Cloto guardó de nuevo el saco en su vestido y se dispuso a abandonar el carruaje.

—De ti depende intentarlo o no. Me gustaría que fuera más sencillo, pero hace tiempo que esas cosas dejaron de depender de mí.

Con un guiño fue a salir, pero la niña la agarró del brazo.

—¿Es cierto…? —Respiró hondo y lo intentó de nuevo—. ¿Es cierto que vos mandasteis que me hechizaran?

—Sí —respondió la mujer—. Así es. Y estoy segura de que tu don te será muy útil durante tu largo reinado, Lyssel D’Artenaz.

Y esta vez sí, la muchacha se quedó sola en el compartimento con el ovillo de lana en una mano y la jaula de oro en la otra.

Los violines comenzaron a sonar cuando Duna y Adhárel entraron en la pista de baile. Del brazo del rey, la joven se acercó al centro de la sala y después se colocó frente a él. Un cosquilleo la embargaba por dentro. Los nervios, la emoción, un repentino pánico escénico. No sabía lo que era, pero con todo, no podía dejar de sonreír.

Adhárel alzó su mano y ella la agarró con delicadeza antes de sentir cómo la acercaba a él por la cintura. Entraron las arpas y el piano y ellos comenzaron a girar lentamente. La música se extendió por toda la sala y los envolvió con su melodía, haciéndoles olvidar cuanto había a su alrededor.

Los ojos de ella puestos en los de él. La respiración de él acompasada a la de ella. Dieron una vuelta y sus rostros volvieron a encontrarse. Ambos tranquilos, sonrientes, felices. Violas y violonchelos tronaron con decisión, coronando escalas y arpegios.

Y entonces Duna lo recordó.

—Esta fue… —susurró.

—La pieza que sonó durante nuestro primer baile —terminó él, sonriendo.

—¿Cómo…?

—¿Cómo he hecho para que la tocaran de nuevo? —sugirió él, al tiempo que la reina Ariadne entraba en la pista acompañada de Heredias y Sírgeric de Cinthia—. ¿O cómo es que la he recordado?

Duna no sabía qué decir. El gesto había sido tan perfecto, tan dulce e inesperado que no pudo contener por más tiempo las lágrimas.
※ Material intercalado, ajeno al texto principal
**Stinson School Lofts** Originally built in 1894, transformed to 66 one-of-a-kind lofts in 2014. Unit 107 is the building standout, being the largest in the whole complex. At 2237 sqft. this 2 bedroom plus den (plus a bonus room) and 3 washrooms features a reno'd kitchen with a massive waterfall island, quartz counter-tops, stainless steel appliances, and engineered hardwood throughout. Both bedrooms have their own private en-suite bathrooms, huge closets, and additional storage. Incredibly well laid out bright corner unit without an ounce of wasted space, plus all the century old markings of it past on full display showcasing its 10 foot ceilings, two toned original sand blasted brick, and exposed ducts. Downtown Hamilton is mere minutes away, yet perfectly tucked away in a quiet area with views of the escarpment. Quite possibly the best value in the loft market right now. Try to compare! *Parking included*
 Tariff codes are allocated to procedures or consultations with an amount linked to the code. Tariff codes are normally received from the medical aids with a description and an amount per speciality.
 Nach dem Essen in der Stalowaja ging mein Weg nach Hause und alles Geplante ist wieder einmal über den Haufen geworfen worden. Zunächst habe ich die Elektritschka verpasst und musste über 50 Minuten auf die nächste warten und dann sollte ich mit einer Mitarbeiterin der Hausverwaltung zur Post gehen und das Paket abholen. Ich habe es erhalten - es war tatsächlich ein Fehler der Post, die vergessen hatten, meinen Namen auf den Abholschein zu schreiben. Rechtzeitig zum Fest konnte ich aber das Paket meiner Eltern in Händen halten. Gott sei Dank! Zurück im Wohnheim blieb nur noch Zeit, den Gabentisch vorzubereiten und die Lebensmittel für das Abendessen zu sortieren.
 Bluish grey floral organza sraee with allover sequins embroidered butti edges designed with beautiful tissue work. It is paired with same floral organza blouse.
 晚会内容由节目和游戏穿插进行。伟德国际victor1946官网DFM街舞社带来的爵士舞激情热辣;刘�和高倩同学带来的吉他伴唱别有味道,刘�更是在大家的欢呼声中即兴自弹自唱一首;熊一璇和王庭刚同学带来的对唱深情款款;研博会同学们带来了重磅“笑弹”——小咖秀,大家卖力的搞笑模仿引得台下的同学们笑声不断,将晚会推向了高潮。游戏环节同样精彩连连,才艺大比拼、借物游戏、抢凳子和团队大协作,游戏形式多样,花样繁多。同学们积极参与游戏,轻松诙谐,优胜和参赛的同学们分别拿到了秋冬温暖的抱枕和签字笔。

—¿Todavía no entiendes lo mucho que me importas? —le preguntó el rey, atrayéndola hacia sí y apoyándola contra su pecho—. ¿Qué más necesitas para comprender que no podría vivir sin ti, que te amo con locura? —Respiró hondo y añadió—: Siento mi comportamiento durante los últimos meses, yo…
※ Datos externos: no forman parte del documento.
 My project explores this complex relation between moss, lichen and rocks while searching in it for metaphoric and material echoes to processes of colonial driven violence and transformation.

Pero ella no le dejó continuar. Colocó un dedo sobre sus labios y negó suavemente.

—Hagamos como si todo eso no hubiera sido más que un sueño; una historia más que contar a nuestros hijos. Al menos por esta noche.

Adhárel sonrió, complacido.

—El cuento de una desvalida doncella algo testaruda y de un valeroso príncipe dragón.
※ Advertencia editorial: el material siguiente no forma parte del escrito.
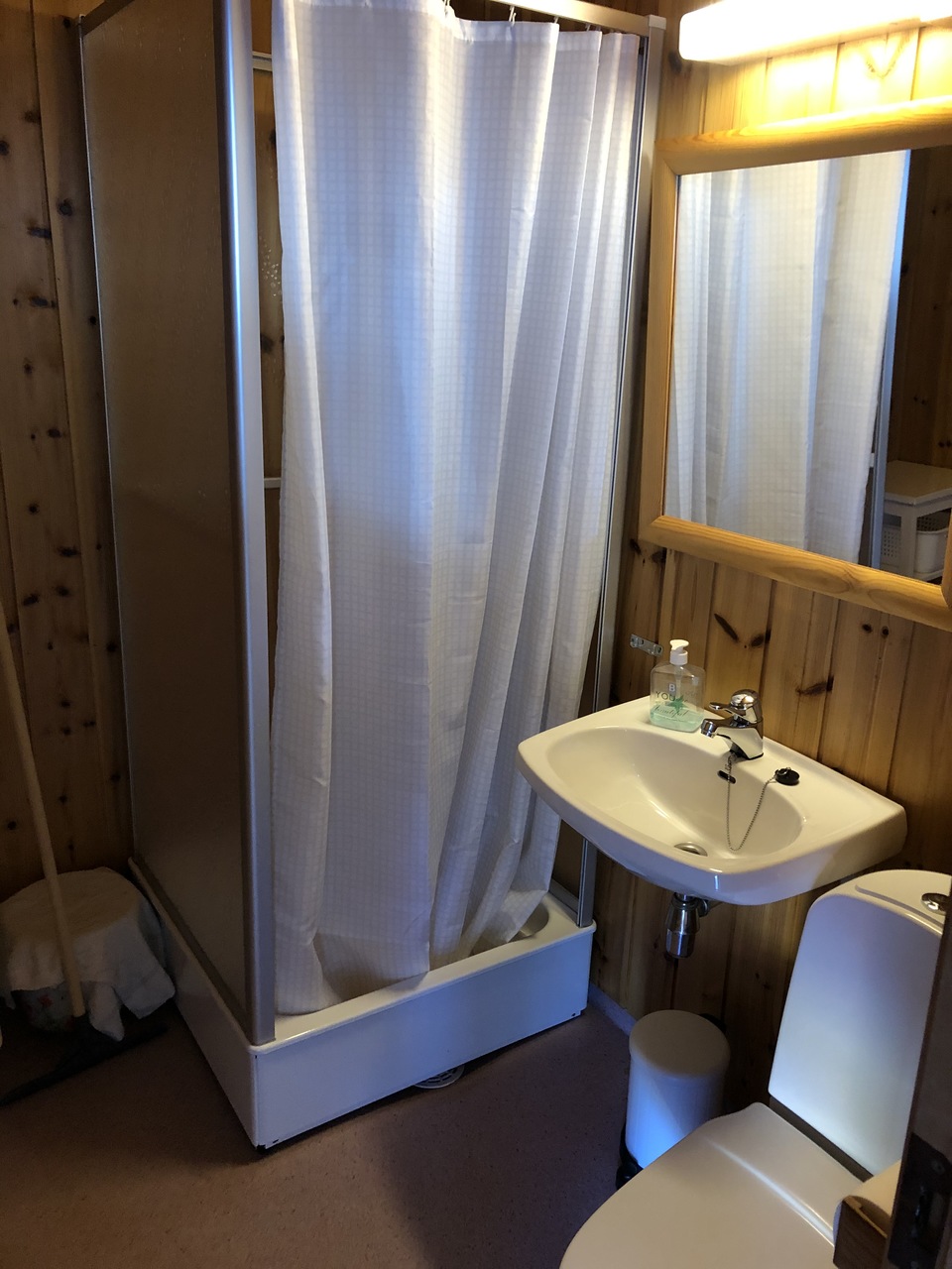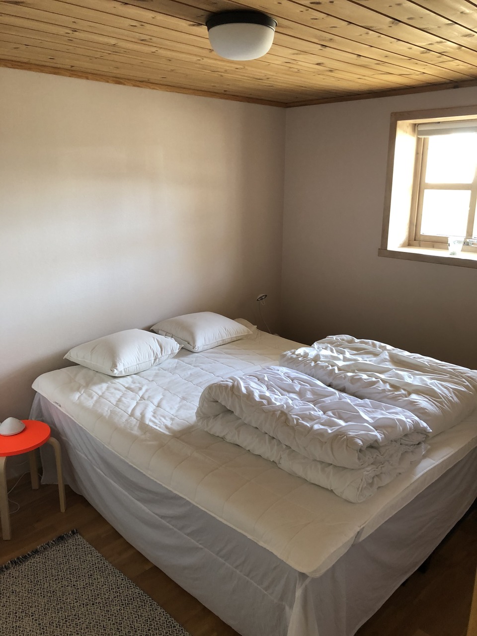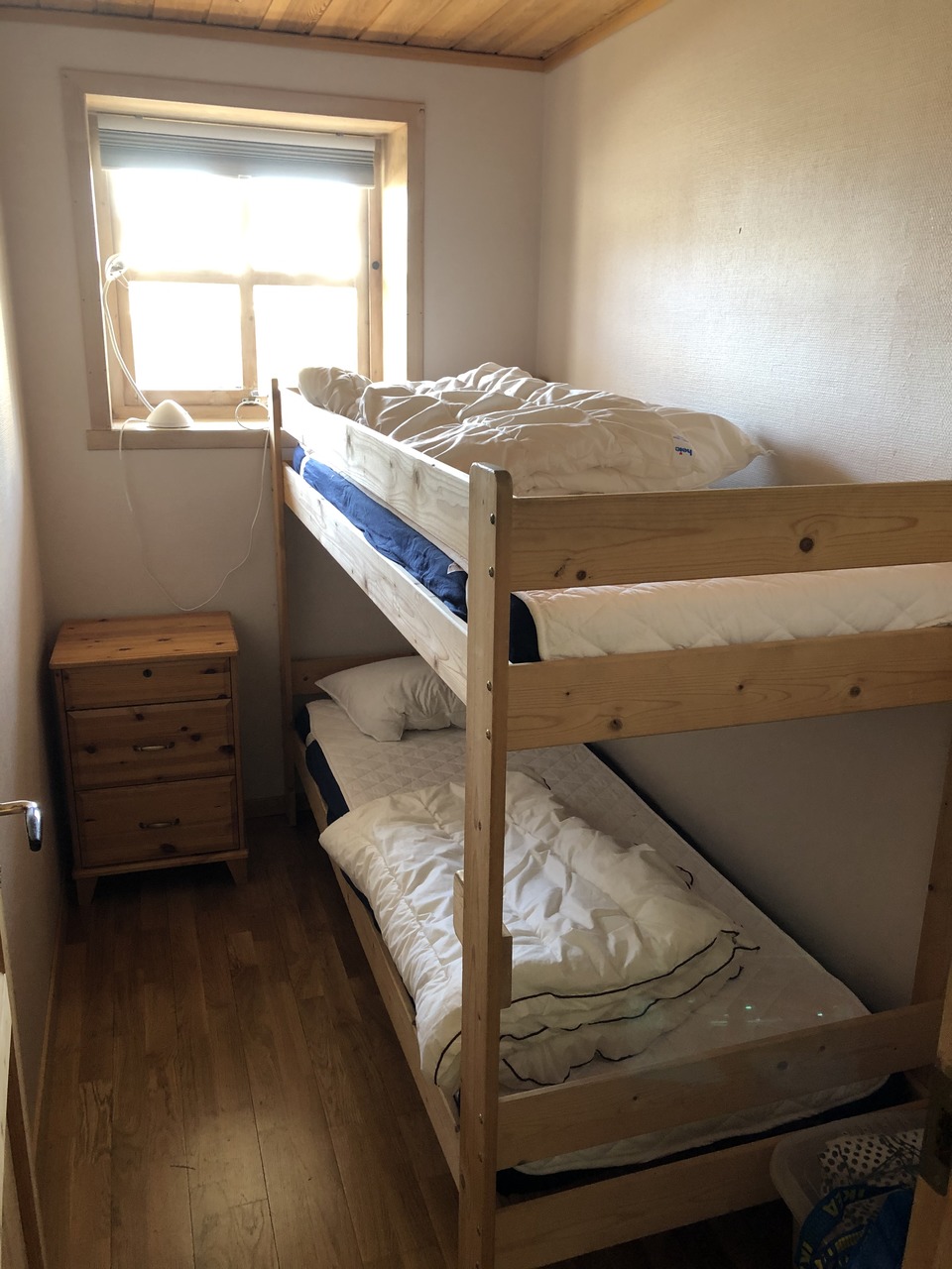 Stue/kjøkken, bad med dusj og toalett samt 2 soverom. Egner seg for 4 personer.

Duna soltó una suave risa.

—Me temo que te has confundido de historia —replicó ella con bravuconería—. En mi cuento ella es hermosa y diestra con la espada y él… bueno, él es un poco quejica.

—¿Ah, sí? —preguntó él en voz baja.

—Ahá. —Batió las pestañas con coquetería y añadió—: Está en los libros. Puedes comprobarlo.

Adhárel se detuvo en mitad de la pista de baile, indiferente a la música y a los invitados, y acercó su rostro al de ella para darle un nuevo beso.

—Entonces supongo que será cierto.

Sin la amenaza de las Musas cerniéndose más sobre ellos se atrevieron a pensar que, por fin, sus destinos eran completamente suyos.

Unos destinos que, por el momento, guardarían en sus corazones para sentirse, al menos durante una noche, felices para siempre.